Re: A sign/abbreviation for "magister"

2018-10-29 Thread Marcel Schneider via Unicode
On 29/10/18 20:29, Doug Ewell via Unicode wrote:
[…]
> ObMagister: I agree that trying to reflect every decorative nuance of
> handwriting is not what plain text is all about.

Agreed.

> (I also disagree with
> those who insist that superscripted abbreviations are required for
> correct spelling in certain languages, and I expect to draw swift
> flamage for that stance.)

It all (no “flamage”, just trying to understand) depends on how we 
set the level of requirements, and what is understood by “correct”.
There is even an official position arguing that representing an "œ" 
with an "oe" string is correct, and that using the correct "œ" is 
not required. 

> The abbreviation in the postcard, rendered in
> plain text, is "Mr". Bringing U+02B3 or U+036C into the discussion

In English, “Mr” for “Mister” is correct, because English does not use 
superscript here, according to my knowledge. Ordinal indicators are 
considered different, and require superscript in correct representation.
Thus being trained on English, one cannot easily evaluate what is 
correct and what is required for correctness in a neighbor locale.

> just
> fuels the recurring demands for every Latin letter (and eventually those
> in other scripts) to be duplicated in subscript and superscript, à la
> L2/18-206.

That is a generic request, unrelated to any locale, based only on a kind 
of criticism of poor rendering systems. The “fake super-/subscripts” are 
already fixed if only OpenType is supported and fonts are complete.

> 
> Back into my hole now.

No worries. Stay tuned :-) Informed discussion brings advancement.

Best regards,

Marcel



Re: A sign/abbreviation for "magister"

2018-10-29 Thread Doug Ewell via Unicode
Richard Wordingham wrote:
 
>> I like palaeographic renderings of text very much indeed, and in fact
>> remain in conflict with members of the UTC (who still, alas, do NOT
>> communicate directly about such matters, but only in duelling ballot
>> comments) about some actually salient representations required for
>> medievalist use. The squiggle in your sample, Janusz, does not
>> indicate anything; it is only a decoration, and the abbreviation is
>> the same without it.
>
> I think this is one of the few cases where Multicode may have
> advantages over Unicode. In a mathematical contest, aⁿ would be
> interpreted as _a_ applied _n_ times.
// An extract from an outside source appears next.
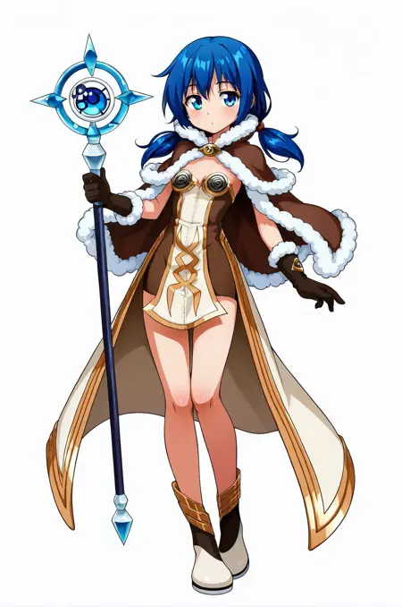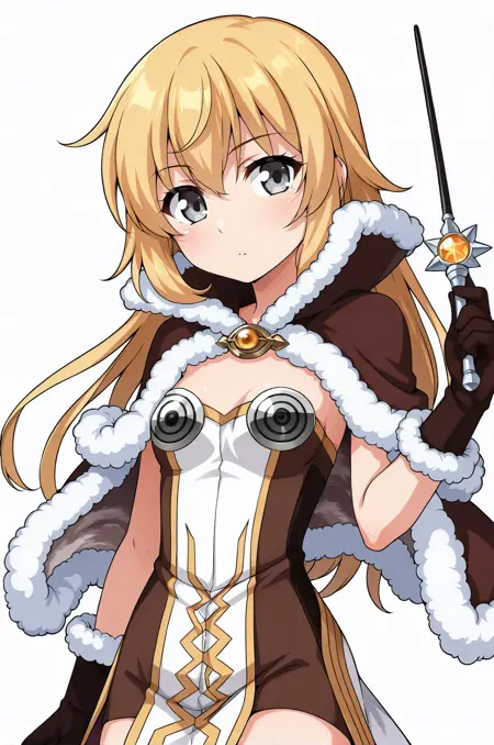 prompt: hiWizRO, strapless dress, two-tone dress, sleeveless dress, brown dress, fur-trimmed cape, fur-trimmed gloves, white waist cape, jewelry, boots

As to "fⁿ", ambiguity may be
> avoided by the superscript being inappropriate for an exponent. What
> is redundant in one context may be significant in another.
 
Are you referring to the encoding described in the 1997 paper by
Mudawwar, which "address[es] Unicode's principal drawbacks" by switching
between language-specific character sets? Kind of like ISO 2022, but
less extensible?
 
ObMagister: I agree that trying to reflect every decorative nuance of
handwriting is not what plain text is all about. (I also disagree with
those who insist that superscripted abbreviations are required for
correct spelling in certain languages, and I expect to draw swift
flamage for that stance.) The abbreviation in the postcard, rendered in
plain text, is "Mr". Bringing U+02B3 or U+036C into the discussion just
fuels the recurring demands for every Latin letter (and eventually those
in other scripts) to be duplicated in subscript and superscript, à la
L2/18-206.

Back into my hole now.

--
Doug Ewell | Thornton, CO, US | ewellic.org




Re: A sign/abbreviation for "magister"

2018-10-29 Thread Richard Wordingham via Unicode
On Sun, 28 Oct 2018 20:42:04 +
Michael Everson via Unicode  wrote:

> I like palaeographic renderings of text very much indeed, and in fact
> remain in conflict with members of the UTC (who still, alas, do NOT
> communicate directly about such matters, but only in duelling ballot
> comments) about some actually salient representations required for
> medievalist use. The squiggle in your sample, Janusz, does not
> indicate anything; it is only a decoration, and the abbreviation is
> the same without it.

I think this is one of the few cases where Multicode may have
advantages over Unicode.  In a mathematical contest, aⁿ would be
interpreted as _a_ applied _n_ times.  As to "fⁿ", ambiguity may be
avoided by the superscript being inappropriate for an exponent.  What
is redundant in one context may be significant in another.

Richard. 



Re: A sign/abbreviation for "magister"

2018-10-29 Thread Asmus Freytag via Unicode

  
  
On 10/28/2018 11:50 PM, Martin J. Dürst
  via Unicode wrote:


  On 2018/10/29 05:42, Michael Everson via Unicode wrote:

  
This is no different the Irish name McCoy which can be written MᶜCoy where the raising of the c is actually just decorative, though perhaps it was once an abbreviation for Mac. In some styles you can see a line or a dot under the raised c. This is purely decorative.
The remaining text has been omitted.